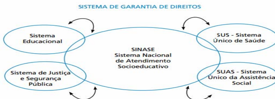
Gráfico 2 – Localização e articulação do Sinase com órgãos de defesa dos direitos das crianças e adolescentes

O gráfico 2 mostra a localização do Sinase e de algumas das relações mantidas no interior do Sistema de Garantia de Direitos:
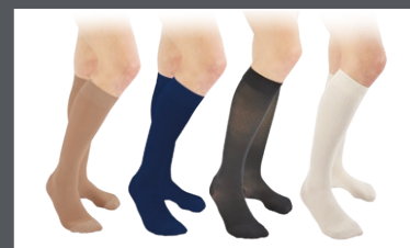
Veinax CHAUSSETTES ET MI-BAS

6 - HAS - Evaluation des dispositifs de compression médicale à usage individuel, utilisation en pathologies vasculaires - Septembre 2010.
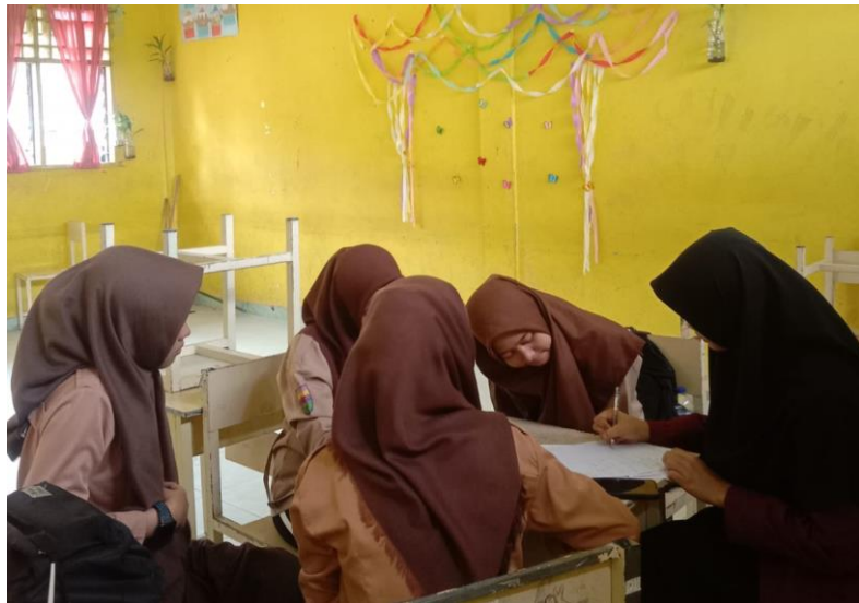
(suasana wawancara siswa diruangan kelas XI Akuntansi, Ketika jam pulang sekolah )
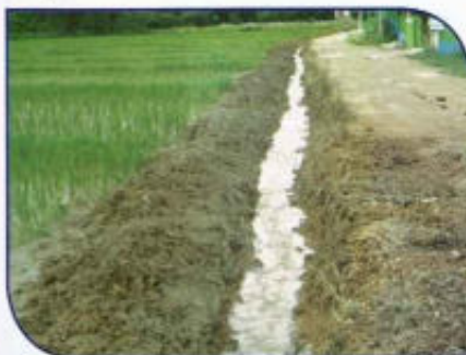
ขุดรางระบายน้ำพร้อมวางท่อ ระบายน้ำ
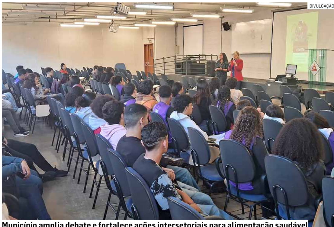
Município amplia debate e fortalece ações intersetoriais para alimentação saudável
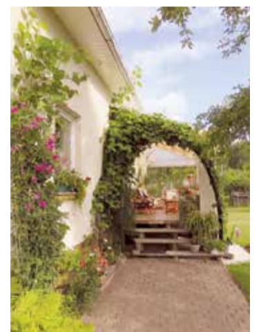
Rītausmas ielā 3, Lādezerā, Limbažu pagastā.

Augu stādījumi norobežoja teritoriju gan no ielas puses, gan no kaimiņiem, tādēļ sajūtāms kā klusā dārza oāzē. Saimnieki dzīvžogu veidošanai bija izmantojuši dažādu ziedošo augu grupas, un norobežojošie stādījumi dārzu sadalīja vairākās zonās. Bija vērojams arī neliels dīķītis ar ziedošām ūdensrozēm, plašā teritorijā ziedēja visdažādākās vasaras puķes. Blakus milzīgiem jāņogu krūmiem un ēdamajiem sausseržiem sava vieta bija atradusies pat valrieksta kokam.
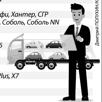
Дмитрий ПОЛУХИН/Комсомольская правда
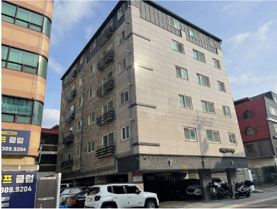
본건소재 건물 북측 전경
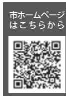
市ホームページはこちら

対象者の詳細や申請方法など、詳しくは市ホームページ(右の2次元コードからアクセス可)へ。
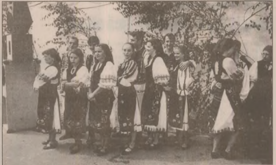
Fetele din Ansamblul folcloric "Getusa" Deva, înaintea intrării în scenă
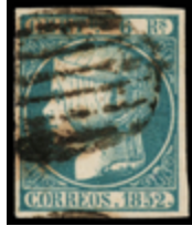
1032 80 €
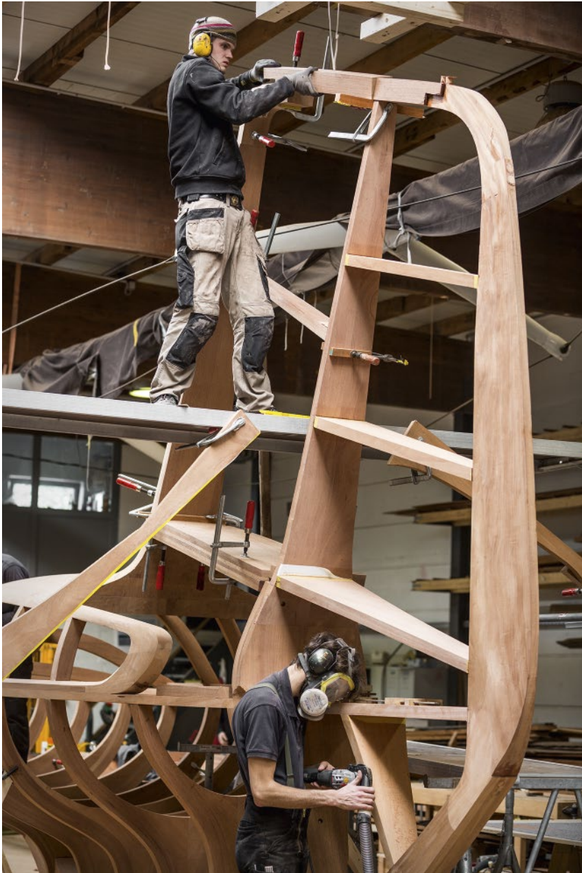
Spheres. Perspectives in Precision and Poetry for BMW, 1:1 Mahagoni-Spantenmodell/ mahogany frame model, making of
━━━━━━━━
[Work to be completed] Exactly restate the lines from the one holding "対象者の詳細や申請方法など、" to the final line of the records above, including both and excluding pictures.

[Solution for this exercise]
対象者の詳細や申請方法など、詳しくは市ホームページ(右の2次元コードからアクセス可)へ。
Fetele din Ansamblul folcloric "Getusa" Deva, înaintea intrării în scenă
1032 80 €
Spheres. Perspectives in Precision and Poetry for BMW, 1:1 Mahagoni-Spantenmodell/ mahogany frame model, making of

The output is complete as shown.